Jonathan Bernstein of Bloomberg raised the issue as follows: “When Trump personally and inexplicably reverses US policy immediately after a conversation with a foreign leader, it’s hard not to wonder exactly what motivations are at work.” Ryan Lizza of Politico posted on Twitter that Trump has a property in Turkey: “This is why presidents divest. It is crazy that a president is making national security decisions like the one tonight when he has lucrative business relationships at stake in the country that will benefit.”

Nothing has emerged to substantiate the suggestion that Trump Towers Istanbul was a factor in Trump’s decision to accommodate Erdogan. That said, there is one obvious political benefit to Trump from his stated decision to withdraw US troops from Syria: Trump may find it politically helpful on the 2020 campaign trail to portray the new US posture in Syria as part of his campaign to end “endless wars.”

Suspicions about Trump’s motivations in almost every policy decision are hardly surprising. Consider this:

Last month, at the UN General Assembly, Trump repeated his view of globalisation. He said he was opposed to it and affirmed his belief in nationalism and national sovereignty. That was controversial but not as much as the alternative, as revealed by two whistle-blower complaints about Trump’s actions and pronouncements.

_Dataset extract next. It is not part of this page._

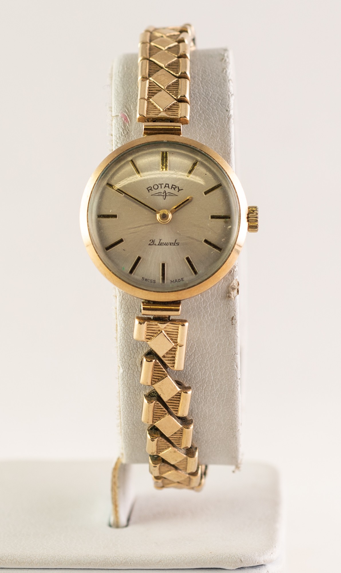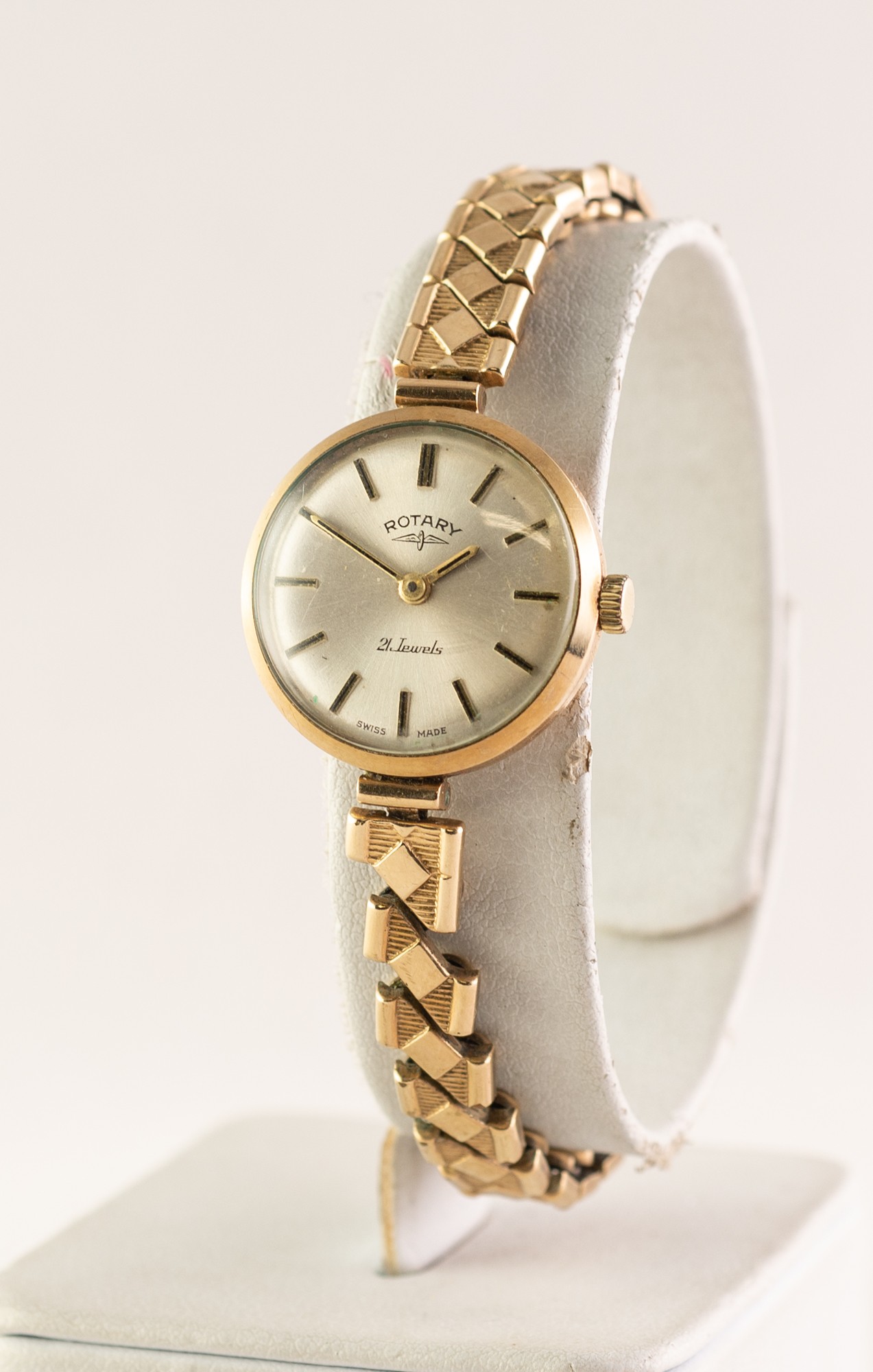 LADY'S ROTARY 9ct GOLD SWISS WRISTWATCH with 21 jewels mechanical movement, circular silvered dial with batons and the EXCALIBUR 1/5th ROLLED GOLD BACK AND FRONT EXPANDING BRACELET, London hallmark 1969, in associated maroon morocco case, (c/r good and working)
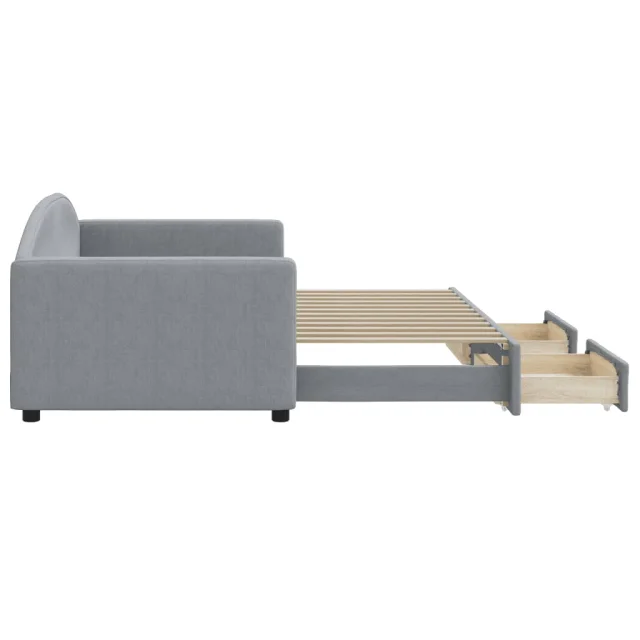 vidaXL Izvlečna dnevna postelja s predali svetlo siva 90x200 cm blago

What’s clear from the formal impeachment inquiry under way in the United States is that Trump seems to want the whole world to participate in US politics, US foreign policy in general and in the 2020 presidential election in particular.

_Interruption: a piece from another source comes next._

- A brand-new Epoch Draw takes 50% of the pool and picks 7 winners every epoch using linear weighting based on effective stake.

Walter Dellinger, former head of the US Office of Legal Counsel and an emeritus professor of constitutional law, recently noted that Trump’s private chat with Ukraine’s leader on investigating his political rival Joe Biden, and his subsequent public calls for Ukraine and China to do the same, is a “simple” story.

“The president is asking for foreign governments to try to decide who the next president of the United States is and to play a role in making that decision,” Dellinger said. “There is nothing more fundamentally wrong than that in a democratic republic… the 2020 election is corrupted and influenced by foreigners.”

He added: “If there was anything that the framers of the [US] Constitution feared most, it was foreign inter-meddling in our elections. They feared that we would be the plaything of European politics — there would be a French party and a British party and that they went through the emoluments clause and through many other parts of the Constitution to try to ensure that American elections were independent.”

Clearly, the most ludicrous extrapolation of Trump’s motivation on Syria and Ukraine would be as follows: He has made the office of the US president truly global, one in which foreign actors have a say in the choice. That isn’t the way it should be but Trump has an unusual approach to ethics and propriety.

The issue of global opinions and preferences with respect to US presidential candidates does raise an interesting issue. For decades, the world has routinely polled itself on its preferred candidate for the White House. The Middle East and North Africa region, for instance, regularly assesses who would get its vote, were it to have the chance to cast a ballot on the United States’ Election Day.

Of course, American presidents have long struggled against the idea that their office must represent global concerns. The worldwide hopes for and expectations of Barack Obama when he was elected in 2008 were simply overwhelming. In Aligarh, India, just weeks after Obama’s election, I remember university students saying the new US president owed it to the world to sort out a number of things or would have ignored his mandate (of worldwide goodwill), they said.

A couple of years on and I was hearing the same sort of things in Afghanistan. People behaved as though Obama were their president, not just the leader of the United States.

However, elections are supposed to be local and foreign policy is meant to answer national needs. Trump is falling short on both counts.